Exercise prompt>
Each line from the one with "<lora:yomama_pop_toys-10:.75> A professional" through the final line of the entries below must be printed exactly, and the pictures must not be.

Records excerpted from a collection
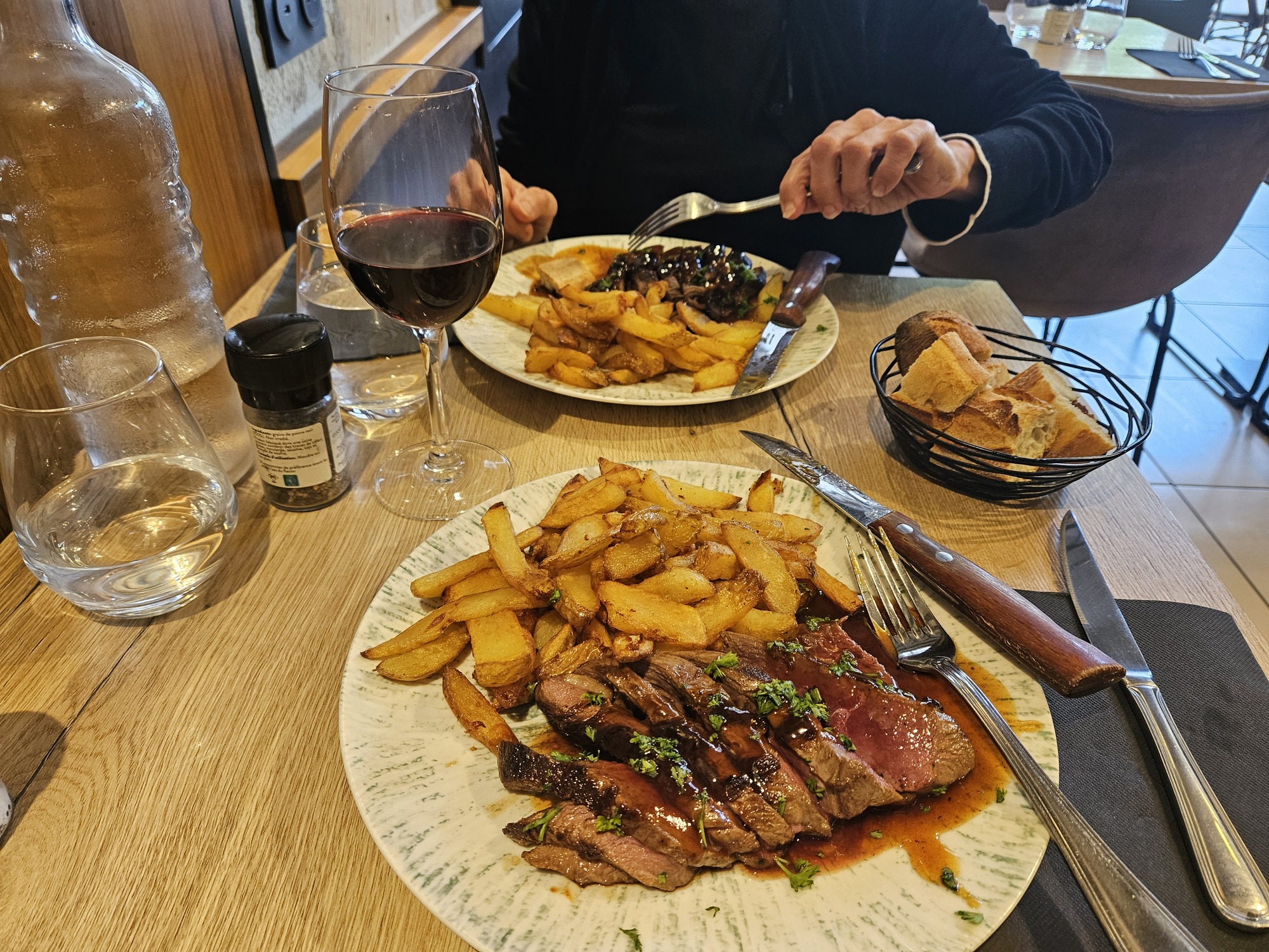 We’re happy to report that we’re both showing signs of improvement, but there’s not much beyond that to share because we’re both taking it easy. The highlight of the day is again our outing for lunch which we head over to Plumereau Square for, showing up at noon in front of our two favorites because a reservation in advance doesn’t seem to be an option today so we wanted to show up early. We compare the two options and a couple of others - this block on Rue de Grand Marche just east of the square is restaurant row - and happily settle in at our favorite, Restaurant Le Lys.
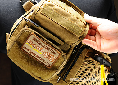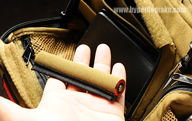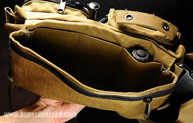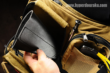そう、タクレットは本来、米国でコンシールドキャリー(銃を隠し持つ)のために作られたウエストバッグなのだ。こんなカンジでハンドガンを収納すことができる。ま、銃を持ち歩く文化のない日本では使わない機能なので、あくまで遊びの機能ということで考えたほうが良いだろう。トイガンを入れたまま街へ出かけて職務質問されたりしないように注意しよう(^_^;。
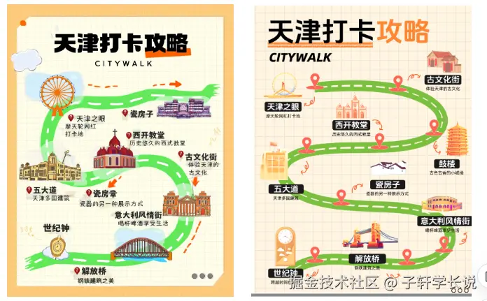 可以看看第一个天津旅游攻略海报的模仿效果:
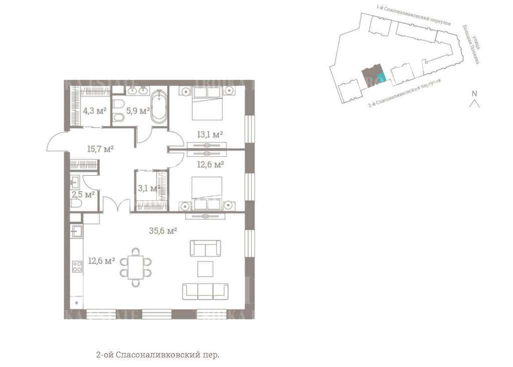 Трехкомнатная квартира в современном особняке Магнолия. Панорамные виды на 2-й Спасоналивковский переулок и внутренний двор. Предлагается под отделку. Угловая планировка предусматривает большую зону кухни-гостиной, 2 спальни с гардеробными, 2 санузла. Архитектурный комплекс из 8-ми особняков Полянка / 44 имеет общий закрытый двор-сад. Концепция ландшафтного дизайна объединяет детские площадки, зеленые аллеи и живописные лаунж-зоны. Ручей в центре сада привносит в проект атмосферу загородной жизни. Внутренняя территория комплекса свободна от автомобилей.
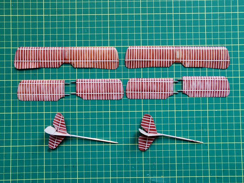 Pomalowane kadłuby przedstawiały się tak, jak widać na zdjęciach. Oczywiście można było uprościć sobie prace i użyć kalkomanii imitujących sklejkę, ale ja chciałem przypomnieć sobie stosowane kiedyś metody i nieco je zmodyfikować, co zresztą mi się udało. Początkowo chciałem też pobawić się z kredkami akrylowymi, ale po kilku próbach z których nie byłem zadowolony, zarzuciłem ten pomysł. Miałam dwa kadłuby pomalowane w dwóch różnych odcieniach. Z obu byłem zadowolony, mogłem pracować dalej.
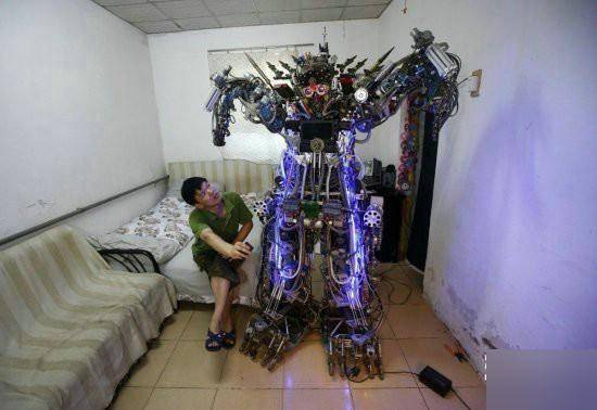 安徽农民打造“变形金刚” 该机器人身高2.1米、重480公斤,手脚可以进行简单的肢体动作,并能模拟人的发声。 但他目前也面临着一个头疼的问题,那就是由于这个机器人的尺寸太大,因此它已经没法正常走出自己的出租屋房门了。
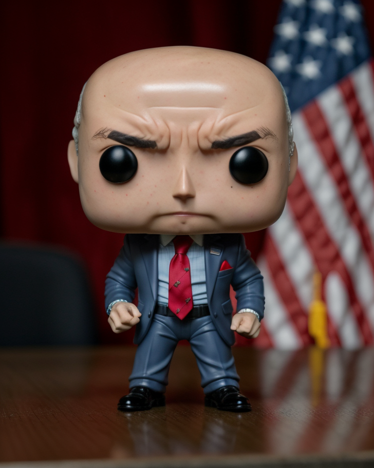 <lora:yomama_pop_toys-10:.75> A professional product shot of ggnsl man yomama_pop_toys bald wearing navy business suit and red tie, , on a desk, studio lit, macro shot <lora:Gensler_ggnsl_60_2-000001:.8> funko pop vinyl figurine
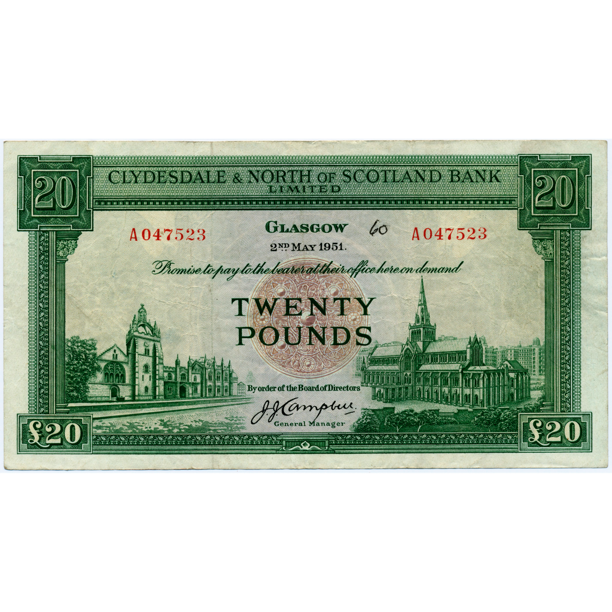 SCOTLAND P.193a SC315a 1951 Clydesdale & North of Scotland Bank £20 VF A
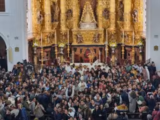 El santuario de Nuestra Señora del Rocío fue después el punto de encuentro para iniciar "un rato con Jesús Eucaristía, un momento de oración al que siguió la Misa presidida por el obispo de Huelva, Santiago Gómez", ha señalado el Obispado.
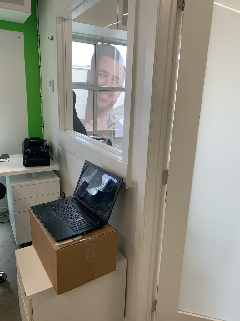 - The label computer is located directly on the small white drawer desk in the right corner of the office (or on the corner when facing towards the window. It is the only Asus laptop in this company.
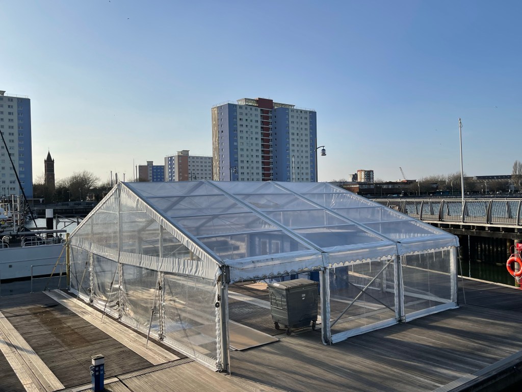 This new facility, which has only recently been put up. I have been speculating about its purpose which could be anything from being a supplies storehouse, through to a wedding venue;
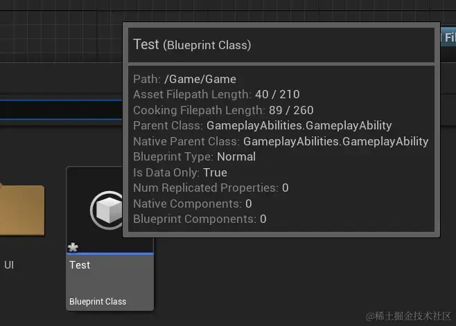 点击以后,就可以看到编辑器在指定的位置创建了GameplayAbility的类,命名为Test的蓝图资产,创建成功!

Completed exercise>
 <lora:yomama_pop_toys-10:.75> A professional product shot of ggnsl man yomama_pop_toys bald wearing navy business suit and red tie, , on a desk, studio lit, macro shot <lora:Gensler_ggnsl_60_2-000001:.8> funko pop vinyl figurine
 SCOTLAND P.193a SC315a 1951 Clydesdale & North of Scotland Bank £20 VF A
 El santuario de Nuestra Señora del Rocío fue después el punto de encuentro para iniciar "un rato con Jesús Eucaristía, un momento de oración al que siguió la Misa presidida por el obispo de Huelva, Santiago Gómez", ha señalado el Obispado.
 - The label computer is located directly on the small white drawer desk in the right corner of the office (or on the corner when facing towards the window. It is the only Asus laptop in this company.
 This new facility, which has only recently been put up. I have been speculating about its purpose which could be anything from being a supplies storehouse, through to a wedding venue;
 点击以后,就可以看到编辑器在指定的位置创建了GameplayAbility的类,命名为Test的蓝图资产,创建成功!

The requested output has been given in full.